Figure 10 shows the time mean SEC for the impact of a PS observation near the equator on PS state variables for an 80-member ensemble with a 1.2-rad background GC half-width. For the closest state variables, the SEC is very close to 1 while for distant state variables, the values are between 0.3 and 0.4. One dimensional cross sections are roughly symmetric about the observation and similar in shape to those for Lorenz-96 in Fig. 5. Results for smaller ensembles (not shown) are similar in shape but have smaller values near the observations and roughly the same values at larger distances. As in the Lorenz-96 case, the SEC is somewhat similar in shape to a GC function in the horizontal.

Figure 11 shows the time mean SEC for the impact of a north–south wind component observation on the model’s middle level on east–west wind state variables on the same level.
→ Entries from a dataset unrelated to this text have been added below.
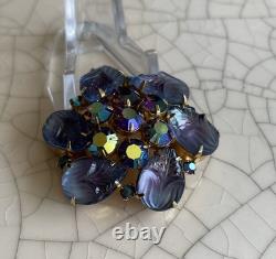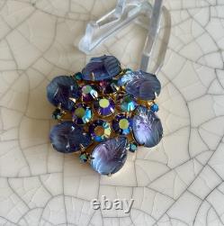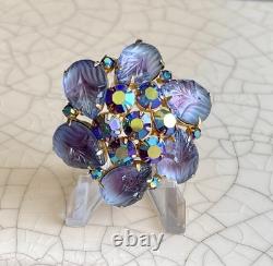 Vtg Large Molded Glass Leaf Smoke Purples Rhinestone Iridescent Brooch Pin 2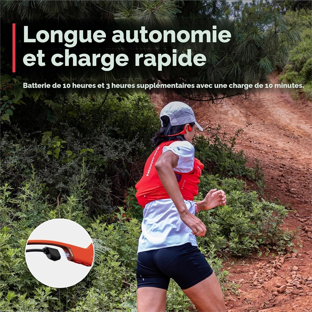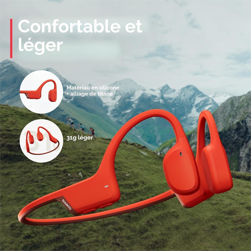 Technologie de conduction osseuse v ritable : SUUNTO Sonic utilise une conduction osseuse avanc e pour transmettre directement les vibrations audio travers vos os, en gardant vos oreilles ouvertes et sans fuite sonore. Parfait pour les bureaux, les courses en plein air ou le v lo, ces couteurs de sport vous permettent de rester conscient de votre environnement sans les enlever. Qualit sonore sup rieure : Profitez d'un son exceptionnel avec la courbe de r ponse en fr quence optimis e du SUUNTO Sonic, offrant des basses puissantes et des aigus clairs. L'unit de pilote audio innovante et la conception unique de la coque garantissent une exp rience d' coute riche tout en minimisant les fuites sonores. L gers et id aux pour le sport : Fabriqu s en silicone de premi re qualit et en alliage de titane, ces couteurs de course ne p sent que 30,6 g. Leur design ergonomique assure le confort pendant les longs entra nements, tandis que l'indice IP55 prot ge contre la transpiration et la pluie l g re, id al pour les modes de vie actifs. Appels d'une clart cristalline : quip de microphones HD doubles et de la technologie d'annulation de bruit cVc, le SUUNTO Sonic assure des appels vocaux clairs et de haute qualit , que vous soyez en plein air ou en milieu urbain. Restez connect sans compromettre le son. Longue autonomie de batterie et charge rapide : profitez de jusqu' 10 heures de temps de lecture sur une seule charge. Avec une capacit de charge rapide, seulement 5 minutes de charge offrent 90 minutes d utilisation, et une charge compl te ne prend qu une heure, parfait pour les modes de vie en d placement.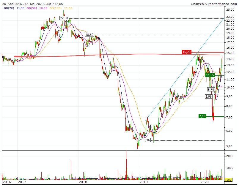 nach einem kräftigen Abstieg, erstmal eine Nummer zu groß. Denn diese letzte Marke, sollte nicht ohne Rücksetzer genommen werden. Fallen diese 15€, ist bis 25€ kein Widerstand in Sicht.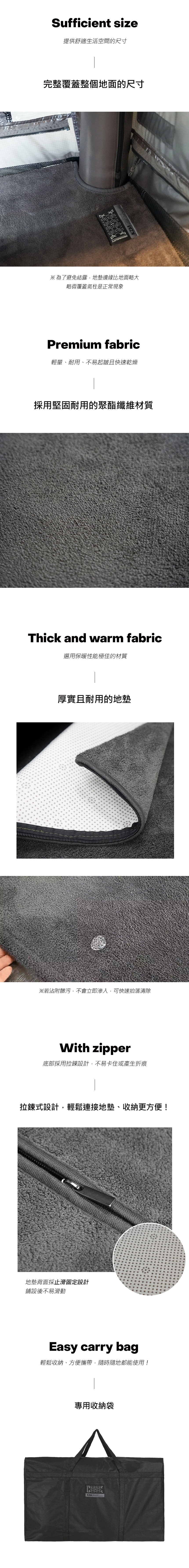 聚酯纖維材質,具備生活防水功能 拉鍊式連接地墊設計 背面止滑固定設計,不易滑動 附專用收納袋

For remote observations (not shown in the limited domain of the figure) the SEC values are roughly the same as for the PS observation in Fig. 10. However, close to the observation there is a more complicated pattern with four independent maxima. Interestingly, the largest values of SEC are not for the state variables that are closest to the observation in this case. Also, the maximum values are not nearly as large as those in Fig. 10. This is consistent with results in Anderson (2007) suggesting that localization needs to be applied not only as a function of the spatial relation between an observation and state variable, but also depending on the “types” of the observation and state.

Figure 12 shows the time mean localization from a two group filter for the same observation as in Fig. 11. The pattern is quite similar with four maximum located around the observation location. As in the comparisons of group filters and SEC for Lorenz-96, the maximum values are slightly larger for the group filter than for the SEC. However, the similarity suggests that the SEC is detecting much of the sampling error that is detected by the group filter.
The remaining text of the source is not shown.